Don't feel you have to call Sams, but they are there if no-one else is to hand. And one of my closest friends is a Sams and after going through something unutteringly bad, I have never called the Sams even when desperate - althought that is what they are there for - but for reasons I couldn't explain I have never thought to call them.

Try and get some sleep then Lela xx

tethersend · 13/03/2011 00:17

Hi lela... haven't posted for a while but think of you often.

I really like your DS's name.

I think the focus of your depression has shifted/is shifting from his gender to his name. You may be looking for a reason to explain your feelings; to explain why you don't feel like you thought you would when you got everything you wanted.
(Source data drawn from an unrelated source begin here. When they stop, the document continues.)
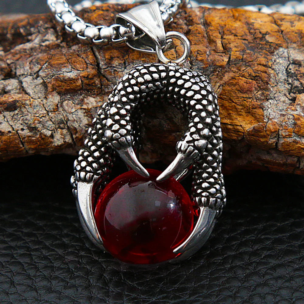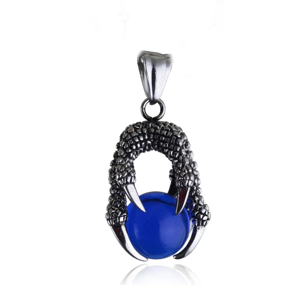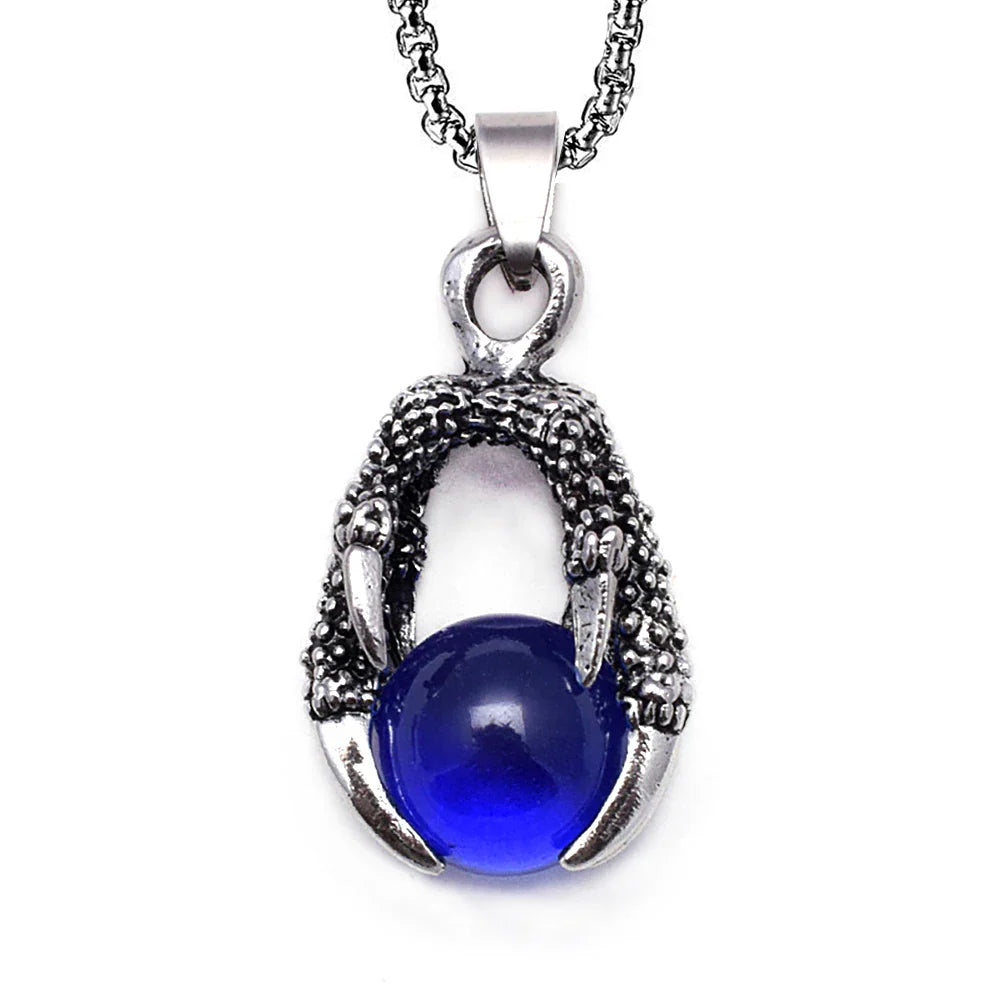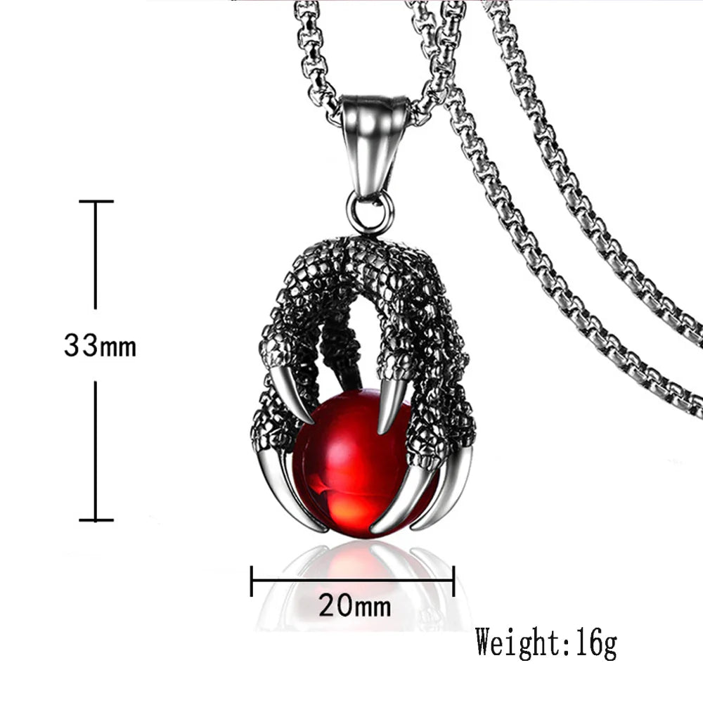 Embrace bold gothic style with this Stainless Steel Dragon Claw Pendant Necklace — featuring striking blue, white, black, and red glass beads for a powerful, retro-inspired accessory.
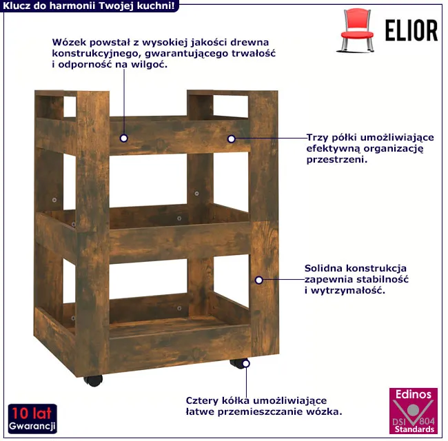 Dotyczy: Mobilny wózek kuchenny z półkami brązowy dąb - Noden
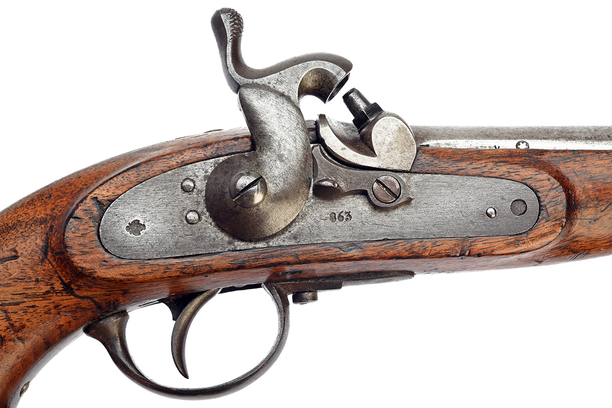 A CONTINENTAL 14mm PERCUSSION RIFLED HOLSTER-PISTOL, serial no. 863, probably Austrian and dating from 1863, with tapering round 10 1/2in. barrel possibly signed 'THISFDERL', bar-action lock with swing dog safety, walnut half-stock with heavy iron furniture and no provision for ramrod

When things get this bad, searching for a reason to 'hang' the feelings from is pretty normal behaviour IMO. it doesn't mean his name is in any way significant, or is actually causing your feelings. Quite the opposite.

Having a child was a somewhat bitter experience for me, especially at first, as it was nothing NOTHING like the fantasy I had had.

Letting go of the fantasy will be a long, slow and panful process, but in doing so you will allow yourself to feel the joy an actual- not a fantasy- family brings. You're just not there yet. And you need some help until you get there.

Let me know what I can do to support you. PM me if you want.

lelarose · 13/03/2011 00:20

yes he is asleep, sucking his imaginary dummy god love him.

The problem is also that dp is not keen on the other names I like and doesn't want to change it.

You know the kind of feeling you might get say, if you had just taken off on a long haul flight and realise that you had left the gas on full blast at home and your house keys dangling out of the front door and the bath overflowing? (bear with me here). Its like a combination of sick, curdling fear, remorse and horrible helplessness, you're never going to be able to relax and enjoy the journey and your holiday will be ruined.

Well this is the only way I can really describe how I feel, over and over again on a daily basis about my son's name. And its really not healthy.

CheeseandGherkins · 13/03/2011 00:21

I've just read the last few posts here, could you call him a nickname instead? Lela, I'll no doubt be up for hours yet if you need a chat, pm, or I'm also on Facebook (faster chat), if I can help in any way.

tethersend · 13/03/2011 00:25

lela, to extend your analogy- were you to get those feelings on a plane but none of those things were actually happening back home, you would be experiencing an anxiety disorder.

What I mean is, your feelings are navigating your thoughts, not the other way round.

lelarose · 13/03/2011 00:31

Thanks thats really very kind of you. I could no more facebook you than post naked photos of myself on here though, as i'd be horrified if anyone knew who I was. The longer I stay up the worse tomorrow is going to be i guess so I will need to try and sleep.

The only things i am proud of today are that I have not a) drank the bottle of wine that is in my fridge even tho i would really have loved to b)smoked (havent smoked for years and am totally sickened by it am just that stressed I feel a bizarre urge to do something like that) or c) called dp in hysterics which would only upset him and fuel my self loathing

I have to sort this name thing out. I hate my child having such a generic name I really cant live with it.

itsnotjustaslap · 13/03/2011 00:33

I really know that feeling. And it's usually when I should be listening to my gut feeling as it's trying to warn me; but tethers is right; sometimes what you can feel about something is off because it is hiding something else (I cannot really articulate this as my meds are really kicking in and it's hard to follow a thought let alone type).